The contact planner is initiated with the script `humanoid_motion_planner.py` with the following options:



* `contact_sequence_generation_method`: Decide how contact sequence is generated for each guiding path segment.


  `all_planning`: Use graph search planning in every segment.


  `all_retrival`: Retrive and adapt previously generated motion plan in evey segment.


  `hybrid`(Default): Use planning in segment with high traversability, and use retrival in segment with low traversability.



* `path_segmentation_type`: Decide how guiding path is segmented.


  `no_segmentation`: The planner will use every motion mode along the guiding path.


  `motion_mode_segmentation`: The planner will segment the guiding path at where motion mode changes.


  `motion_mode_and_traversability_segmentation`(Default): The planner will segment the guiding path at where motion mode changes, and then further decompose each segment based on the traversability.



* `traversability_threshold_type`: The type of threshold that the planner use to determine the contact sequence generation method.


  `mean`(Default): The planner uses the mean of the traversability of all torso transition in a segment to determine using planning or retrival method to generate contact sequence in the segment.


  `max`: The planner uses the max of the traversability of all torso transition in a segment to determine using planning or retrival method to generate contact sequence in the segment.



* `surface_source`: The source of the environment in planning. The repo provides 3 examples each for two-corridor and two-stair environment. The user can create new environment by adding new options in `update_environment` function in `environment_handler.py`.


  `two_corridor_environment`(Default): Randomly generate a two-corridor environment.


  `two_stair_environment`: Randomly generate a two-stair environment.


  `load_from_data`: Load environment object file stored using `pickle` from path specified by `environment_path` parameter.



* `environment_path`: The folder which contains the stored environment object file.
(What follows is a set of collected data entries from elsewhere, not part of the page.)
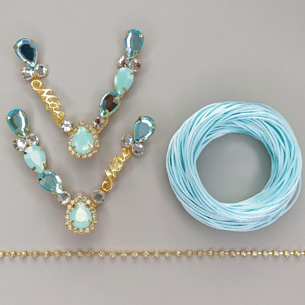 Kit Cabedal Carol – Completo para Customização com Fio de Seda e Strass Azul Tiffany
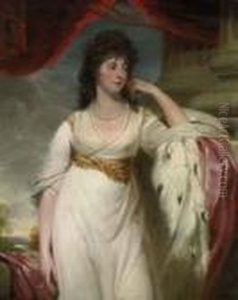 Portrait Of A Lady, Probably Hyacinthe, Marchioness Of Wellesley(1766-1816), Three-quarter-length, In A White Dress With Anermine-lined Cloak, By A Column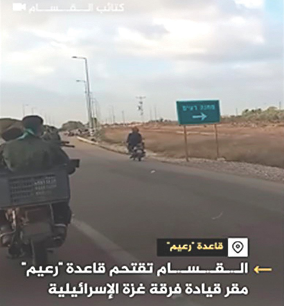 קאעדה רעים מקר פרקה ג'זה אלאדראיליה' (עדות: "אל־קסאם תקף את מפקדת רעים מקום הימצאה של מפקדת אוגדת עזה הישראלית.)"
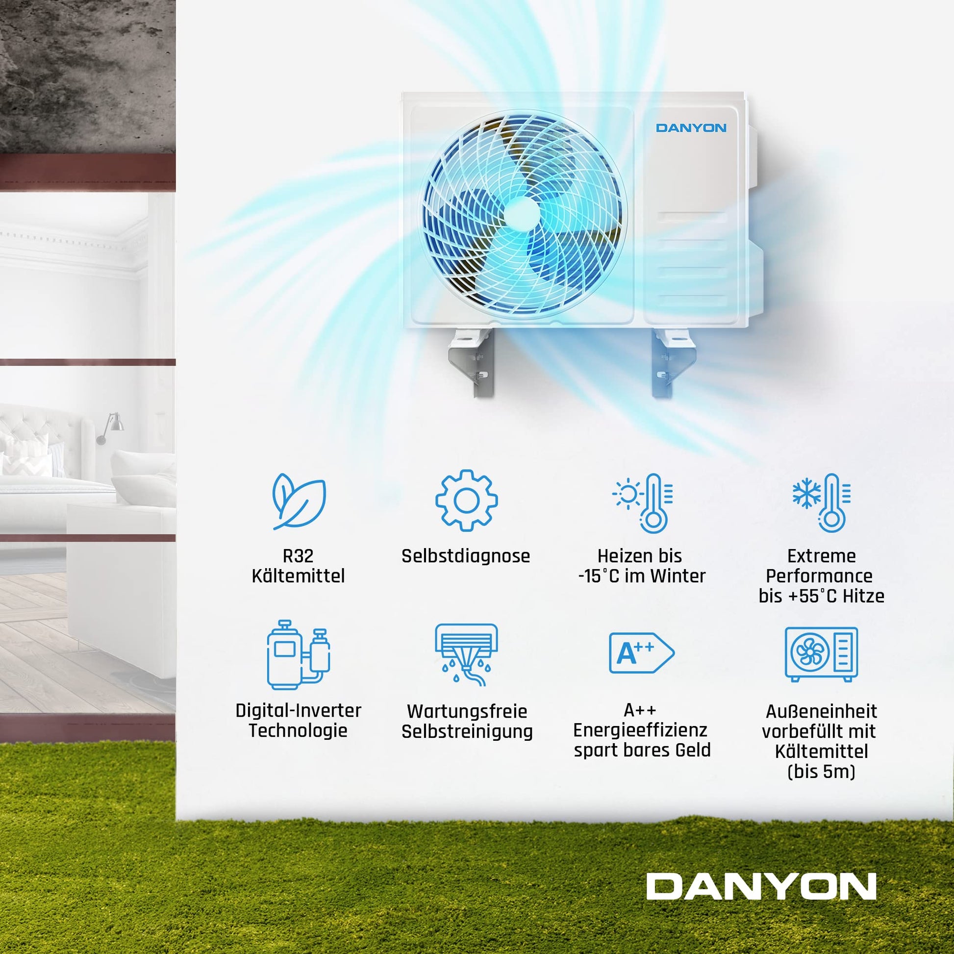 Danyon Klimaanlage Split - 12000 BTU - 3,4 kW, Selbstreinigung, leise, Smart Home, Inverter Klimagerät mit Heizfunktion

* `start_env_id` and `end_env_id`: The first and last environment object file id loaded in the process.



Example Usage:

```

python humanoid_motion_planner.py contact_sequence_generation_method hybrid traversability_threshold_type mean path_segmentation_type motion_mode_and_traversability_segmentation environment_path environment_two_corridor surface_source load_from_data start_env_id 0 end_env_id 0

```



Using A Different Robot Model

-----



To swap a robot model, check the the comments in `load_escher.py`, and define all corresponding variables for the new robot model to create a robot loading function. Then swap all `load_escher` functions with the newly defined robot loading function.



Training Traversability Regressor

-----



To train traversability regressor, first generate the footstep_window, which precomputes all the footstep location given a torso transition. Then collect training data for each separate regressor mode (legs_only, legs_and_one_hand, all_manipulators). Finally, train the model with the training data. In summary, run the scripts with the following steps:

1. `python transition_footstep_window_generator.py` (Generate footstep_window)

2. `python traversability_training_data_collector.py batch_id [training data batch id] mode [legs_only,legs_and_one_hand,all_manipulators] sample_env_num [number of sampling environment] surface_source [environment name]` (Collect training data for each mode.)

3. `python traversability_regressor_training.py mode [legs_only,legs_and_one_hand,all_manipulators]` (Train traversability regressor for each mode.)